5.3 Example verification and analysis

Substantial indicators are standardized, and minimum value indicators are standardized. The standardized data are substituted into the rolling prediction model of power IoT construction effectiveness data to calculate the prediction results. Taking the first quarter of 2020 as an example, the relative error of the low-rank approximation in the variable dimension function generation matrix and the tensor maximum norm are shown in Figure 6.

Figure 6 
                  Relative error of low-rank approximation in maximum norm of generating matrix and tensor of variable dimension function.
Figure 6

Relative error of low-rank approximation in maximum norm of generating matrix and tensor of variable dimension function.

Using four subjective and objective weighting methods (AHP, Entropy, PCA, CRITIC), 16 sets of genetically optimized BPNN rolling prediction data (predicted and actual) are weighted. 33 IoT power construction effectiveness indexes from 8 periods are also weighted. This study employs the cloud model-TOPSIS combo weighting method to assess the eight cycles’ absolute and predicted values. The neural network’s performance in predicting the first-order inversion curve is depicted in Figure 7.

Figure 7 
                  Performance of neural network in predicting first-order inversion curve.
Figure 7

Performance of neural network in predicting first-order inversion curve.

In the actual power IoT construction, these three indicators are also the key to evaluating the construction’s effectiveness: the system’s flexible adjustment capability is essential for building a new power system with new energy as the main body. Improving the flexible adjustment capability of the system can ensure a stable power supply, achieve high-level consumption and utilization, and promote the interactive integration of source, grid, load, and storage. In the power IoT construction project, timely attention to the scientific and technological frontier trends of power grid construction and through the improvement and promotion of technical level, giving priority to the selection of new technologies and new equipment can promote the long-term development of power IoT construction. With the further deepening of electric power reform, the benefit distribution pattern of the electric power industry has changed from quantitative to qualitative. State Grid is actively seeking new revenue models. Therefore, the increase in revenue from non-distribution and sales business on the grid side is also one of the leading indicators of the effectiveness of constructing the power IoT. Therefore, the effectiveness evaluation model of power IoT construction established in this work has certain scientificity and practicability.

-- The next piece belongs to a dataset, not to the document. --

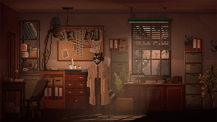为了撰写第二篇专题报道,我与EggNut的《支柱》的叙事设计师Aleksandra Korabelnikova进行了对话,她所开发的游戏是一款了不起的横版侦探游戏,背景设定在居民都是拟人化动物的温哥华。我们讨论了这款游戏的像素画风,它黑暗冷酷的剧情构思来源,动物角色是如何让人诚实探讨社会问题的,以及在工作室成员分布于六个时区的情况下开发游戏的好处和坏处(坏处:没有足够的拥抱)。
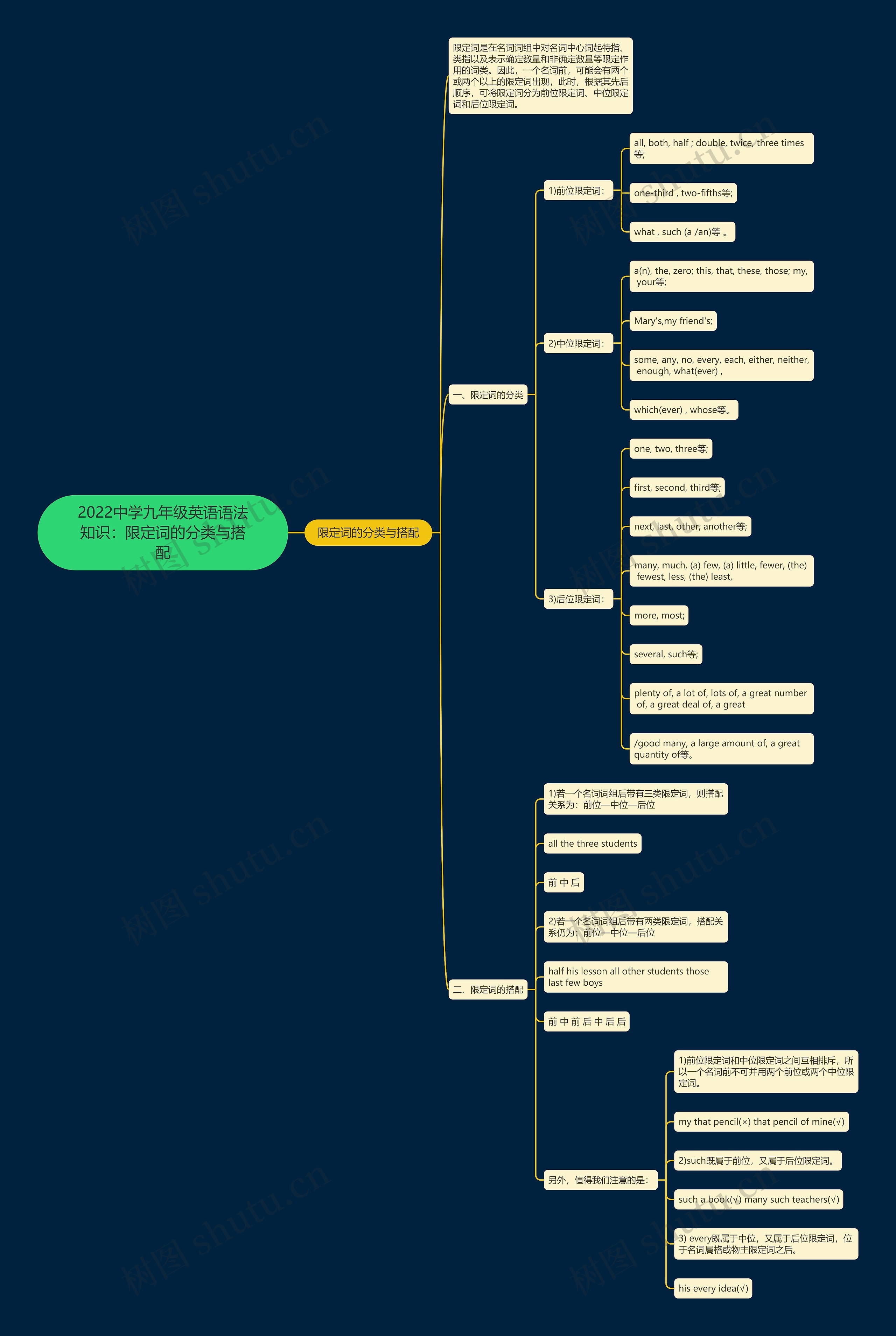 树图思维导图提供《2022中学九年级英语语法知识:限定词的分类与搭配》在线思维导图免费制作,点击“编辑”按钮,可对《2022中学九年级英语语法知识:限定词的分类与搭配》进行在线思维导图编辑,本思维导图属于思维导图模板主题,文件编号是:fe1ec0dfa8aa4617f4caaa58d2fd31b9

The results of our model are numerically tabulated and compared against the latest research findings. This study nonlinear GA-BP neural network model's prediction accuracy is compared with that of two state-of-the-art methods from 2023 and 2024 respectively. Our model significantly outperforms the state-of-the-art methods in prediction accuracy, achieving a 96.7% accuracy rate compared to 88.9 and 92.3% for Method 1 and Method 2, respectively. Moreover, the nonlinear GA-BP neural network exhibits a faster convergence speed and a higher robustness score, indicating its superior adaptability to complex network environments.

The complexity of QNN and DNN is shown in Figure 8. The abovementioned public combination weights and evaluation index values are weighted and integrated to obtain the average public weighted comprehensive evaluation values obtained from the actual construction results and predicted construction results in eight cycles, and the average cloud combination weights are comprehensively integrated with the evaluation index values of the power IoT construction effectiveness to obtain the comprehensive regular evaluation of the actual construction results and predicted construction results in each cycle and positive and negative ideal solutions.

Figure 8 
                  Quantum neural networks (QNNs) and deep neural networks (DNNs) complexity.
Figure 8

Quantum neural networks (QNNs) and deep neural networks (DNNs) complexity.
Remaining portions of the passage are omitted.